Auto-Monitoring Provision Can Still Leave Some Consumers at Risk for Ground-Fault Shock
Most recently, in recognition of the fact that consumers do not regularly test their installed GFCIs, UL and NEMA called for an auto-monitoring/self-testing feature in its latest revision. Effective June 29, 2015, the revision requires periodic automatic monitoring/self-testing of the GFCI’s ability to respond to a ground fault. According to the Standard, if the device detects a problem during auto-testing, the GFCI must either deny power to the outlet or provide a visual and/or audible indication. In effect, manufacturers are able to implement a higher level of consumer safety or a reduced level of safety that can place some consumers at risk without their knowledge, based on the particular type of device they have installed.
Circuit Breaker GFCIs Permitted to Meet Only 5 of 7 Internal Tests Required of GFCI Receptacles
Though perhaps little known, the 2015 revision additionally permits two differing sets of requirements to meet the auto-testing standards: one for GFCI circuit breakers; the other for GFCI receptacles.
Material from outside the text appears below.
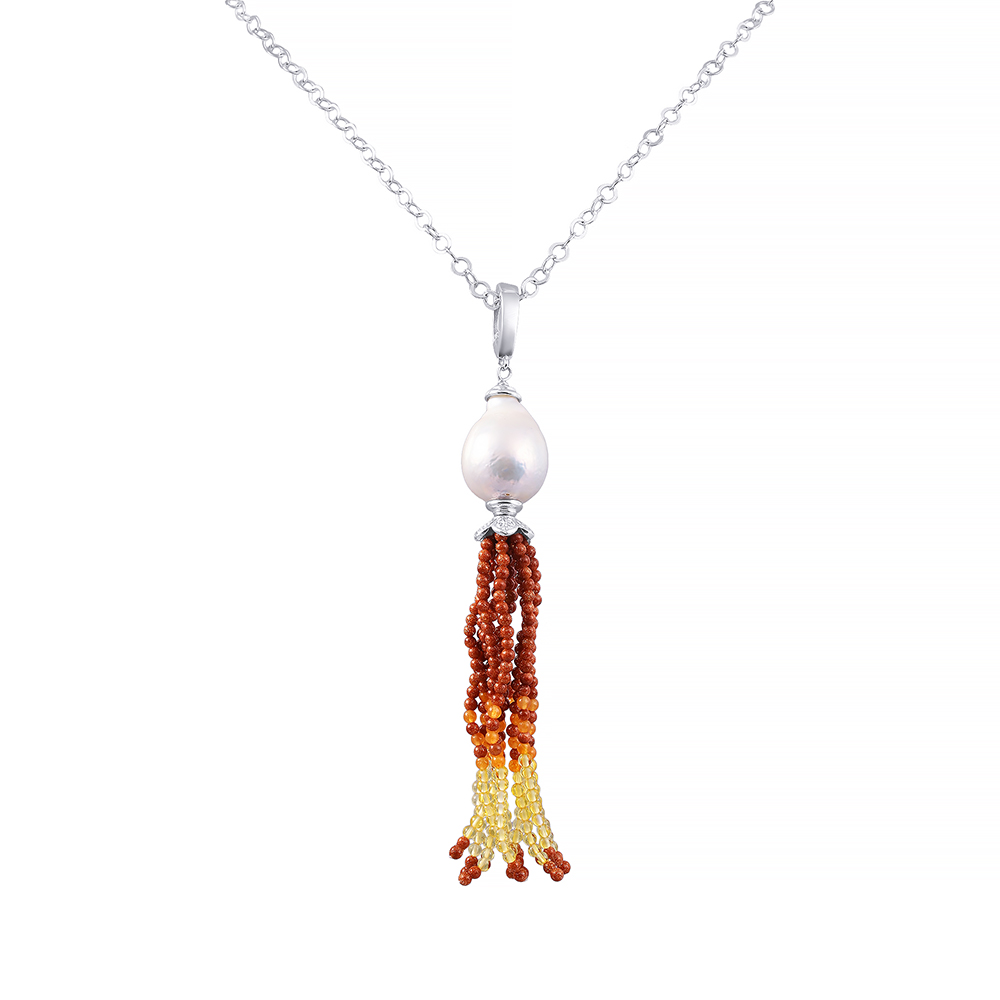 Подвеска из серебра с цитрином, авантюрином, жемчугом

On at least 3 occasions, the CPSC urged UL to expediently require the uniform application of power denial across the board for all manufacturers’ GFCIs.7
However, the CPSC was unsuccessful in persuading UL to adopt or advocate for this measure uniformly. The standard does, in fact, include a provision that power may be denied to the outlet, but similar to the 2006 requirement, this is only in the instance of line/load wiring errors during receptacle installations, not when GFCI protection is lost, and the device has reached its end-of-life. In this case, there are exceptions and alternative ways to meet the standards.
There are many root causes behind a GFCI‘s inability to continue providing ground-fault protection. These are either linked to a single component failure or multiple component failures. As shown in figures 1 and 2 (reproduced from the early-cited NEMA study), a common cause of failure for both receptacle and circuit breaker GFCIs is an SCR or a solenoid failure. UL-943 states that a GFCI receptacle must check (self-test) its SCR and solenoid, in addition to other components, and respond if the component(s) have been damaged. Circuit breaker GFCIs are, however, exempted from part of these requirements.
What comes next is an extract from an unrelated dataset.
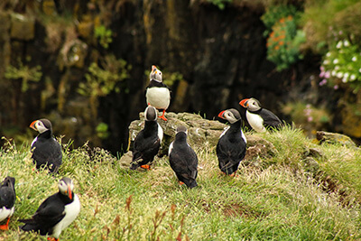 アイスランドを象徴する小さな海鳥。渡り鳥なのでアイスランド以外にも分布してはいるのですが、世界分布の約60%がアイスランドで繁殖するとされます。和名はニシツノメドリ(西角目鳥)。ユーモラスな可愛らしさから人気のある鳥です。しかしこの鮮やかな姿で過ごすのは、実は繁殖シーズンである夏季のうちだけ。秋冬になるとぐっと地味な姿になり、まるで別の種類の鳥のようです。

As shown in the illustration that follows, Section 6.20.2 of the Standard provides specific failure modes that signal an end-of-life event for both GFCI receptacles and GFCI circuit breakers.
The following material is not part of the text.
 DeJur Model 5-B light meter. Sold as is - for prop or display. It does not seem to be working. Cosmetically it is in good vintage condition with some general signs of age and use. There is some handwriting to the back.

If any of the seven end-of-life events described above occur, GFCI protection is lost. While GFCI receptacles are required to respond to all seven end-of-life events, GFCI circuit breakers are only required to respond to five of the seven. The exemptions apply to both GFCIs and dual-function AFCI/GFCIs and permit GFCI circuit breakers to potentially provide unprotected power even after an end-of-life event has compromised the protection. Most alarming, if either the SCR or solenoid fails in a GFCI circuit breaker, the end-user may still be able to reset the breaker, and unknowingly be unprotected from ground fault shock or electrocution.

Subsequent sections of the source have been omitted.